If possible, I'd suggest writing a shell script that traps SIGTERM and emits a different signal to the cloudsql proxy.

peter-jozsa · 2017-05-19T12:47:45Z

@jesseshieh I am facing the same issue as you. Could you solve the issue? If yes, could you tell me how?

jesseshieh · 2017-05-19T14:05:31Z

I haven't solved it yet, but @hfwang's suggestion sounds good to me.

peter-jozsa · 2017-05-19T20:26:01Z

It turned out that the entrypoint of my main container was not in exec format so SIGTERM was not transfered to nginx and it was functioning until SIGKILL stopped it finally.

mhindery · 2017-06-07T13:43:43Z

We have the same setup: a kubernetes pod having a web app container + cloudsql container. You can easily trap the sigterm signal the following way in your deployment:

command: ["/bin/bash", "-c", "trap 'sleep 15; exit 0' SIGTERM; /cloud_sql_proxy -dir=/cloudsql -instances=..."]

This delay will ensure the web app is shut down before the cloudsql proxy container (e.g. during rolling updates). Previously you'd need a custom container since the trap command is not available in the scratch image, but since the 1.09 release of the cloudsql proxy, they use alpine as base, so it works out of the box.

Jille · 2017-06-09T18:11:03Z

I'd like to see the proxy stop accepting new connections (but keep active ones alive). That way I can SIGTERM it and immediately start a new (version of the) proxy without interrupting service.

park9140 · 2017-06-15T17:11:17Z

A preStop hook execution will prevent the SIGTERM signal from being sent until the script execution is completed. If you use command: ["/bin/bash", "-c", "sleep 15"] as the command for the preStop hook you can stop shutdown.

https://kubernetes.io/docs/concepts/workloads/pods/pod/#termination-of-pods

Also you can add communication between containers using shared volumes https://kubernetes.io/docs/tasks/access-application-cluster/communicate-containers-same-pod-shared-volume/

Which could be used to instruct your preStop hook when to complete by creating a file at the end of your webserver shutdown inside the shared volume and making your preStop hook for cloudsql proxy wait for that file to exist before stopping using a sleep loop.

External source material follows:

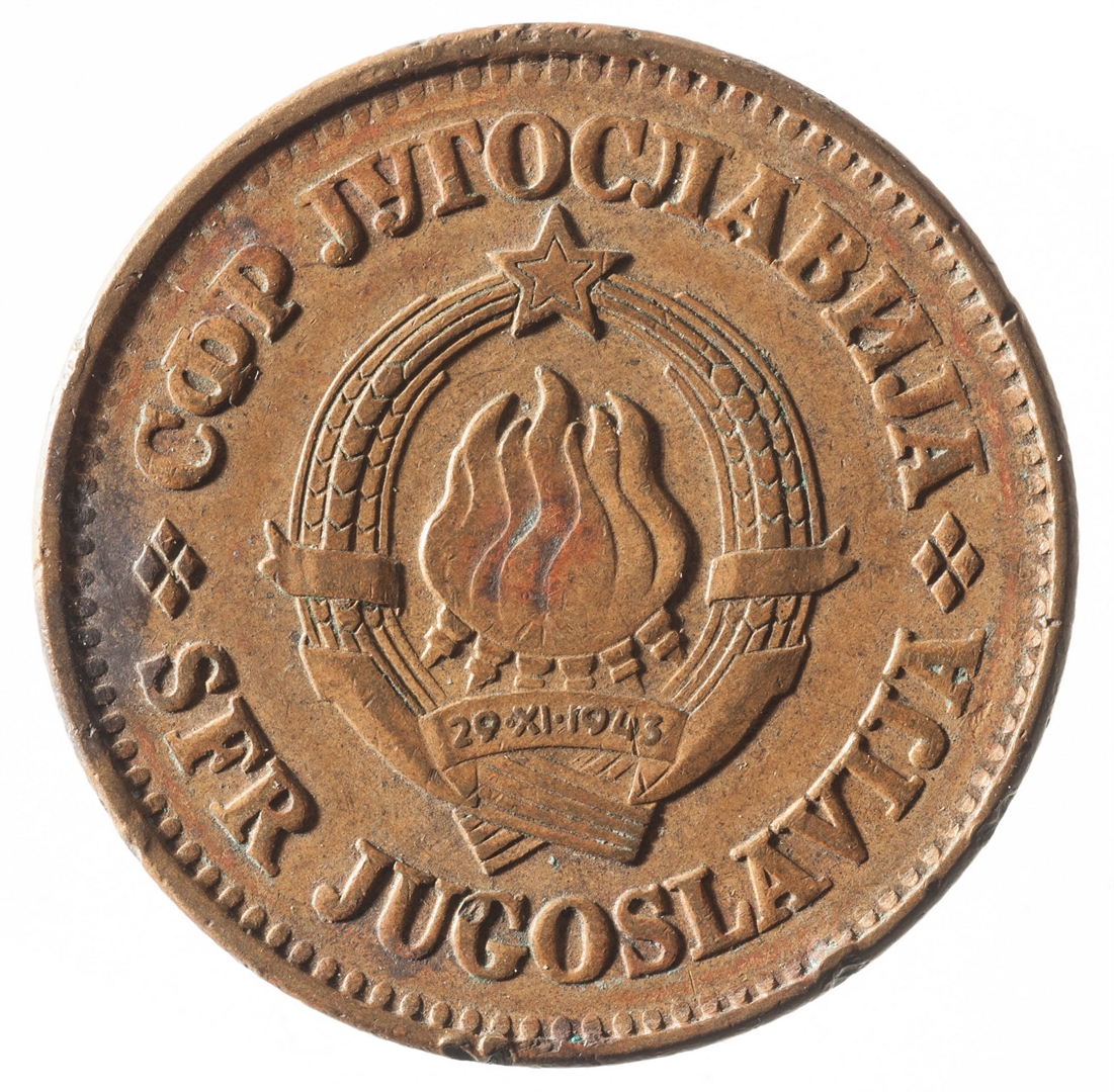 U sredini državni grb. U gornjem djelu uz rub polukružno napisan tekst SFR JUGOSLAVIJA na latinici i ćirilici.

nathanwelch · 2017-06-23T19:40:57Z

@park9140 or @mhindery were you guys able to get either of your solutions working? It seems like /bin/bash and trap are not in the gcr.io/cloudsql-docker/gce-proxy:1.09 image. sleep is but setting a preStop hook to just /bin/sleep 30 doesn't seem to work.

Also, I get a FailedPreStopHook on the container when trying to sleep on the preStop. I thought maybe the FailedPreStopHook was related to this issue which seems to imply that the failure is noise and that the preStop hook does actually work. However, my sleep did not seem to work and the container was still sent SIGTERM immediately. UPDATE: turns out I should've done ["/bin/sh", "-c", "/bin/sleep 30"] as my preStop command. This works as expected.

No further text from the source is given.